Pollution is another huge example of an externalized cost. Pollution is an externalized cost because instead of dealing with waste in ways that are environmentally friendly and sustainable, companies are getting rid of their waste in the cheapest ways possible in order to maximize profit. Examples of this could be a company dumping their waste into a nearby river instead of spending money to have it disposed of properly. The article, Talk About Externalized Costs, talks about this issue. As pointed out by the article, “[Businesses] are shoving a whole range of costs – from pollution to climate change to water depletion – onto communities around the world”. It is estimated that the world’s top corporations, “contribute $2.2 trillion in environmental damage”. Other forms of pollution, such as waste from shipping packaging, use of gasoline, plane emissions, etc. are also forms of externalized costs and are extremely detrimental to the environment.

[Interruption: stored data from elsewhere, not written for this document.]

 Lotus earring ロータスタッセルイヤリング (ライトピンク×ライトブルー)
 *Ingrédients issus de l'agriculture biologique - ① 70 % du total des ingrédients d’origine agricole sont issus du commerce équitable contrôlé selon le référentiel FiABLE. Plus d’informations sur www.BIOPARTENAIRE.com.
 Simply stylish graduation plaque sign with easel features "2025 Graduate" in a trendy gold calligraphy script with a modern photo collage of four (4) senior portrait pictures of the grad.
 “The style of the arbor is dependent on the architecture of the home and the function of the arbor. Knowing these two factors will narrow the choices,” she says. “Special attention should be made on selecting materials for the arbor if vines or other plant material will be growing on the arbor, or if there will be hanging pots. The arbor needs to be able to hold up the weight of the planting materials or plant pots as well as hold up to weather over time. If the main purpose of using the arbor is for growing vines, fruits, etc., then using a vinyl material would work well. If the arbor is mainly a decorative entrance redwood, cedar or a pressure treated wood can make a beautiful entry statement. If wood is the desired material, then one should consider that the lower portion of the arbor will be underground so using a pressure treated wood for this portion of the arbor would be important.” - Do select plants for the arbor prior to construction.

Another example of an externalized cost is taking advantage of people and poor working conditions in other countries. Businesses move their factories overseas in order to take advantage of the minimum wages in other countries. A prime example of this comes from the article, I Lost My Hands Making Flatscreens I Cant Afford. In the article, Rosa Moreno explains how both of her hands had to be amputated due to a work related incident. She was working with dangerous machinery six days a week, for $400 a month. The work she was doing involved extremely dangerous machinery, but she had no choice, she needed to support her family. Could you imagine working 6 days a week and only making $400 a month? I couldn’t. It’s not livable, which is why the government of the United States implements things such as minimum wages. However, other countries don’t have these laws implemented, so workers in these countries work for a few dollars a day. Being that there isn’t a minimum wage implemented, American businesses move overseas to take advantage of workers in foreign countries. Why would American businesses run their factories in the United States where in some states, minimum wage is as high as $11 an hour, when they could go overseas and pay their workers less than a dollar an hour. Below is a cartoon that brings to light the horrible working conditions of sweatshops in other countries of the world.

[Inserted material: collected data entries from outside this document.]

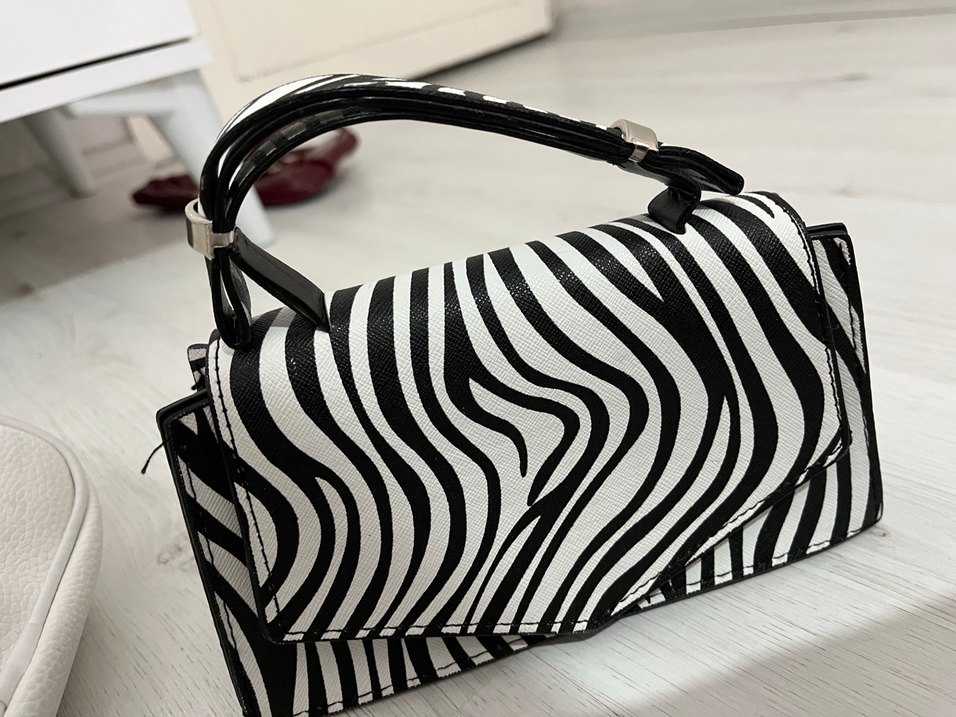 Deri malzemeden yapılmış, zebra desenli ve tokalı kadın çantası. Günlük kullanıma uygun çağdaş bir tarza sahiptir.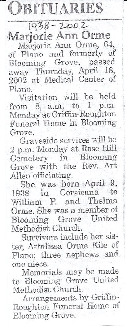Marjorie Ann Orme, 64, of Plano and formerly of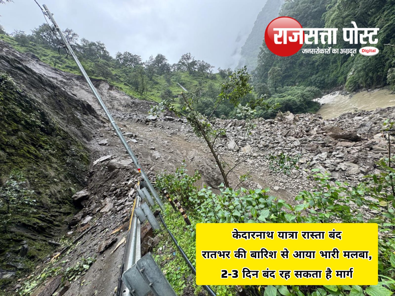 केदारनाथ धाम की यात्रा पर निकले श्रद्धालुओं के लिए बड़ी खबर है। बीते मंगलवार शाम से केदारनाथ यात्रा मार्ग पर गौरीकुण्ड से सोनप्रयाग के बीच का हिस्सा (करीब 1.5 किमी दूरी पर) पूरी तरह से बाधित हो गया है। लगातार बारिश के चलते पहाड़ी से भारी मलबा, बोल्डर्स और पत्थर गिरने से सड़क का करीब 50-60 मीटर हिस्सा प्रभावित हुआ है, और सड़क के वॉशआउट (धंसने) का भी खतरा बना हुआ है।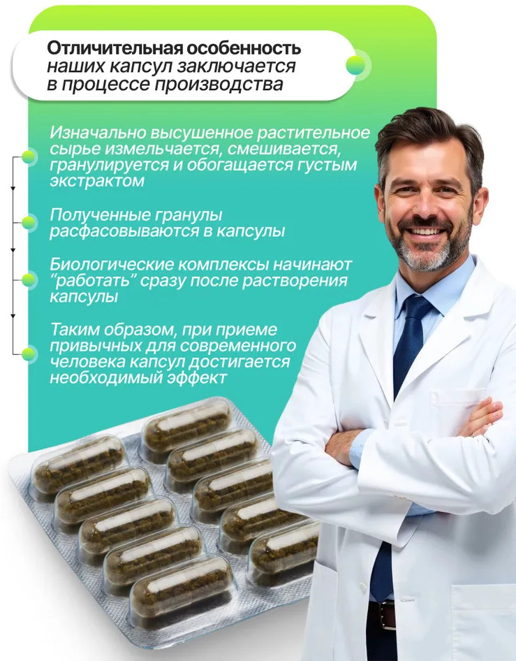 🕒 Способ применения: взрослым: по 1 капсуле 1–2 раза в день во время еды. Курс — 1 месяц. При необходимости курс повторяют.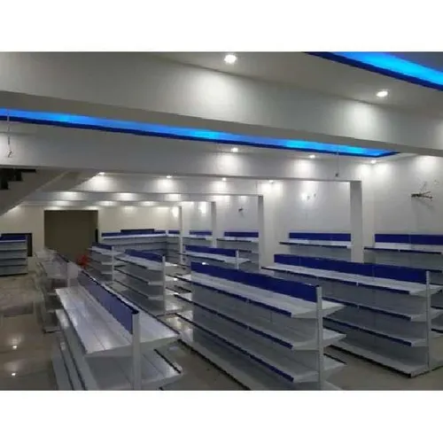 Movable mild steel display rack, 5 feet height, 3ft length, 1.5ft depth. 6 shelves, 50kg per layer capacity. Powder coated finish.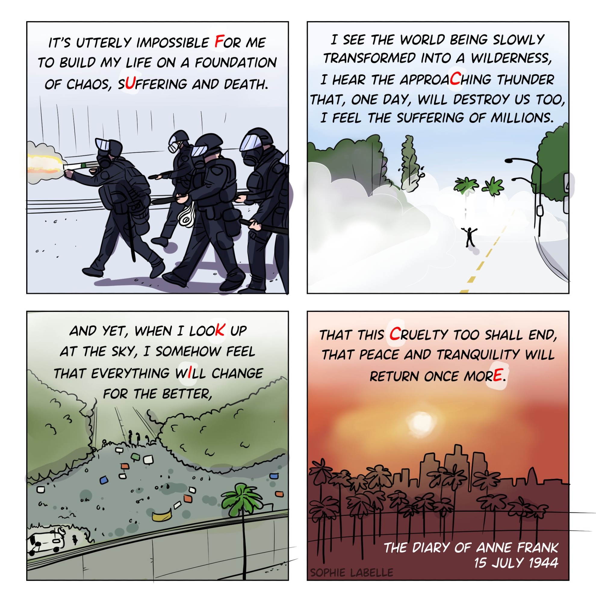 i wake up. the year is 2---. the country i happened to be born in is at war. again. i had no say in the matter, and i will have no say in the next one. i give money to the guy on the street corner. i make some art. i try not to think about the supply chain for each of the material goods that surround me. i manage to not cry. i try not to yell too much in traffic. i wonder how it ends.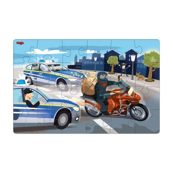 Die HABA Puzzles Im Einsatz enthalten gleich zwei spannende Motive: Achtung, der Räuber fährt mit gestohlener Beute auf dem Motorrad davon! Doch die Polizeifahrzeuge sind schneller und umzingeln den Dieb. Rechtzeitig ist auch die Feuerwehr vor Ort, um den Hausbrand zu löschen. Ein Hubschrauber verfolgt den Einsatz aus der Höhe.
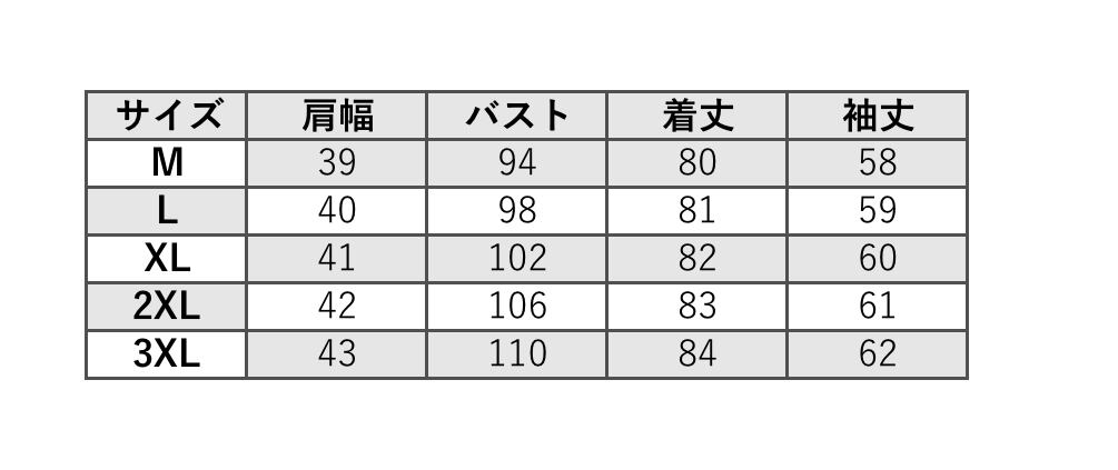 サイズ(cm): M/L/XL/2XL/3XL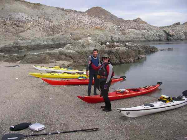 Doug Hamilton and Dave Harry unpacking on Isla Salsipuedes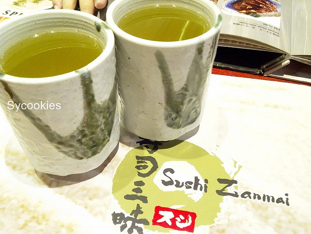 Do picia każdy dostał spory kubek zielonej herbaty (niezbyt mocna, ale zajeżdżająca ziołami), który był kilkakrotnie dopełniany przez krążące po sali kelnerki z czajniczkami z herbatą.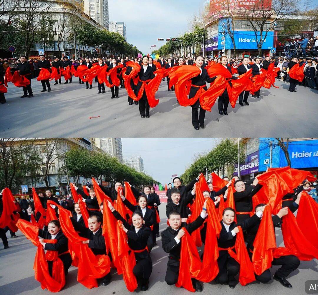 锣鼓喧天歌盛世,秧歌欢舞闹元宵。为传承中华优秀传统文化,丰富全县群众节日文化生活,营造喜庆祥和的节日氛围,3月2日上午,扶风联社精心组建60人大型秧歌队伍,倾情参与全县元宵节社火游演活动,以历年来最大阵容亮相全县春节文化活动,用热烈喜庆的民俗表演,向全县人民送上诚挚新春祝福,充分展现新时代农信人昂扬向上的精神风貌与使命担当。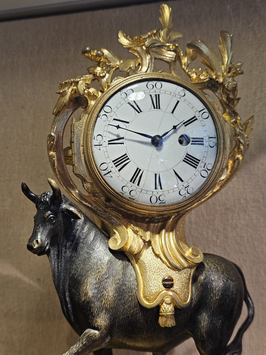 Retrouver le mobilier ou les objets d''art similaires à « Pendule de table au taureau Louis XV » présenté par Hirsch Antiquités, antiquaire à Paris dans la catégorie Pendule Louis XV, Horlogerie.

The tag of the t-shirt points out the cruelties of sweat shops, making it known that some of the externalized costs include “sweat and blood”. The bottom of the tag notes that the t-shirt was made in Pakistan, which only adds to the point of the article that the t-shirt was produced in a sweat shop. Another article that talks about these sweatshop conditions is, American Businesses Taking Advantage of Sweatshop Labor, on The Channels. The article goes into depth about the harsh and cruel working conditions in factories in other countries and talks about how much American businesses are profiting from sweatshop labor.

To be sure, some people disagree that externalized costs are a bad thing. Some arguments for externalized costs are that it keeps the economy flowing. It is argued that without externalized costs making prices cheaper, that people wouldn’t be able to afford all of the goods they need, and thus, will stop spending money. However, if businesses became less globalized, and began producing products solely in their country of origin, theoretically, minimum wage would increase, so that the consumers can afford the products.